§ Problem to solve
Would you print, word for word, only the lines running from the line with "Lola and her" to the last line of the entries, without the pictures?
+---+
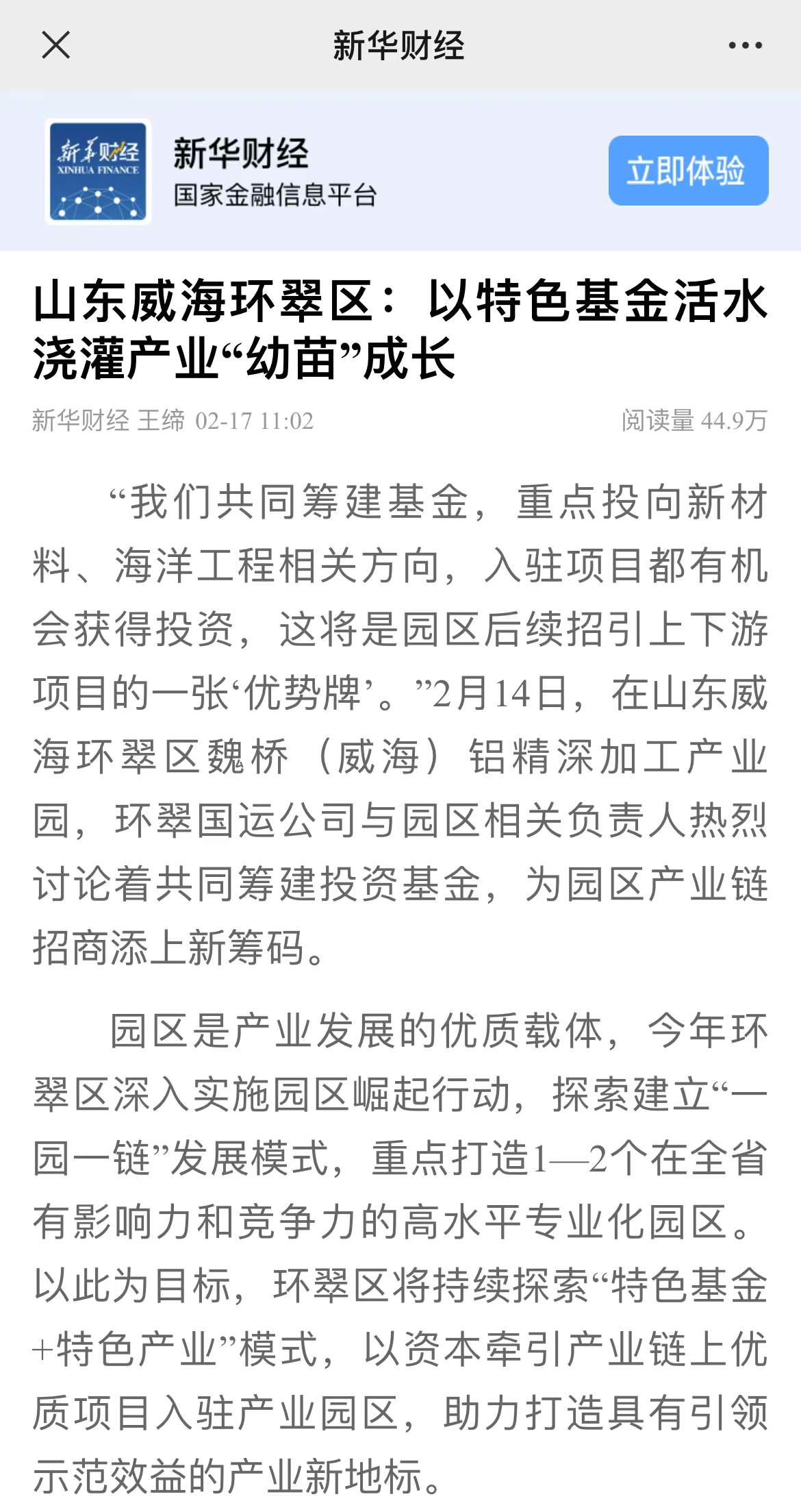??????2月17日,新華財經發布文章《山東威海環翠區:以特色基金活水澆灌產業“幼苗”成長》,報道環翠區以資本牽引產業鏈上優質項目入駐產業園區,推動園區產業集群發展的相關情況,以下為報道全文——
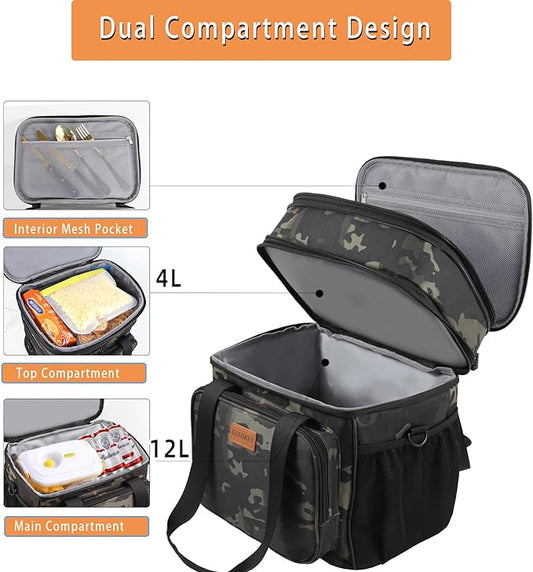 GLENKEY Expandable Large Insulated Lunch Box, Heavy Duty Lunch Cooler Bag Durable Leakproof Lunch Pail for Men Women Adults Work Shift Outdoor Picnic Camping Road Trip, 24 Can, Black-Camo
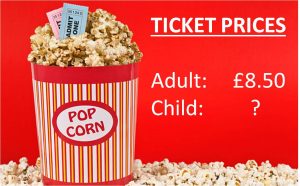 Lola and her dad go to the cinema. The tickets cost £14.75 for them both.
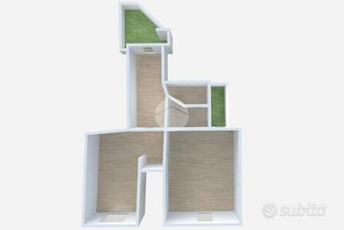 L'immobile è dotato di doppio ingresso e si compone di due vani frontali ampi e luminosi, un terzo vano leggermente più piccolo, un cucinino eD un bagno completo di doccia.
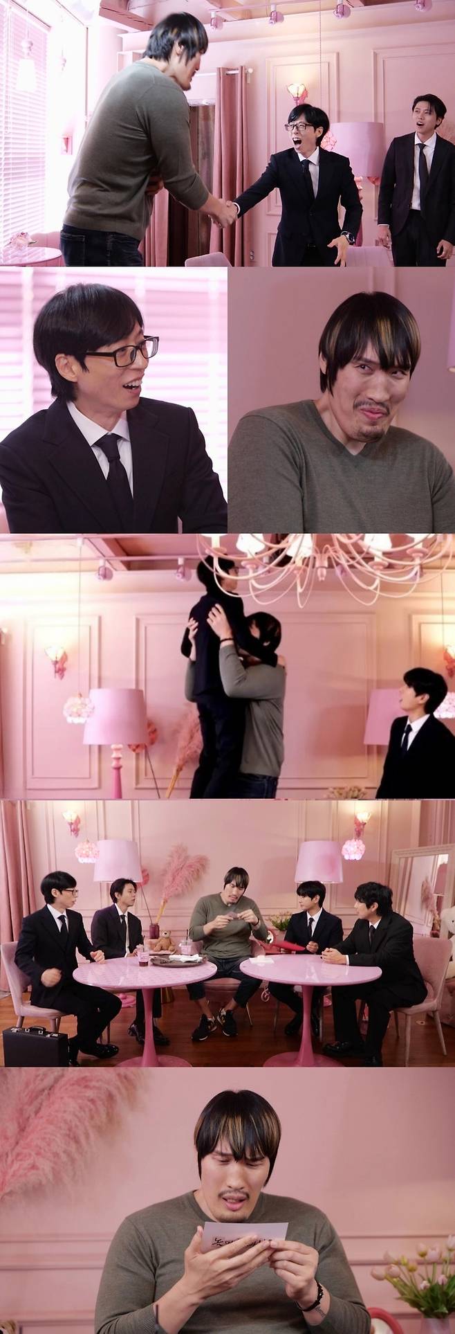 공개된 사진 속에는 핑크색 아이템으로 꾸며진 귀여운 공간에 압도적인 피지컬의 최홍만이 등장한다. 거대한 체구 덕분에 유재석, 하하, 주우재, 이이경이 ‘미니 사이즈’로 변한 듯한 대비가 시선을 끈다. 특히 유재석이 최홍만에게 번쩍 안겨 대롱대롱 매달린 장면은 폭소를 유발한다.
+---+
§ Result for this exercise
 Lola and her dad go to the cinema. The tickets cost £14.75 for them both.
 L'immobile è dotato di doppio ingresso e si compone di due vani frontali ampi e luminosi, un terzo vano leggermente più piccolo, un cucinino eD un bagno completo di doccia.
 공개된 사진 속에는 핑크색 아이템으로 꾸며진 귀여운 공간에 압도적인 피지컬의 최홍만이 등장한다. 거대한 체구 덕분에 유재석, 하하, 주우재, 이이경이 ‘미니 사이즈’로 변한 듯한 대비가 시선을 끈다. 특히 유재석이 최홍만에게 번쩍 안겨 대롱대롱 매달린 장면은 폭소를 유발한다.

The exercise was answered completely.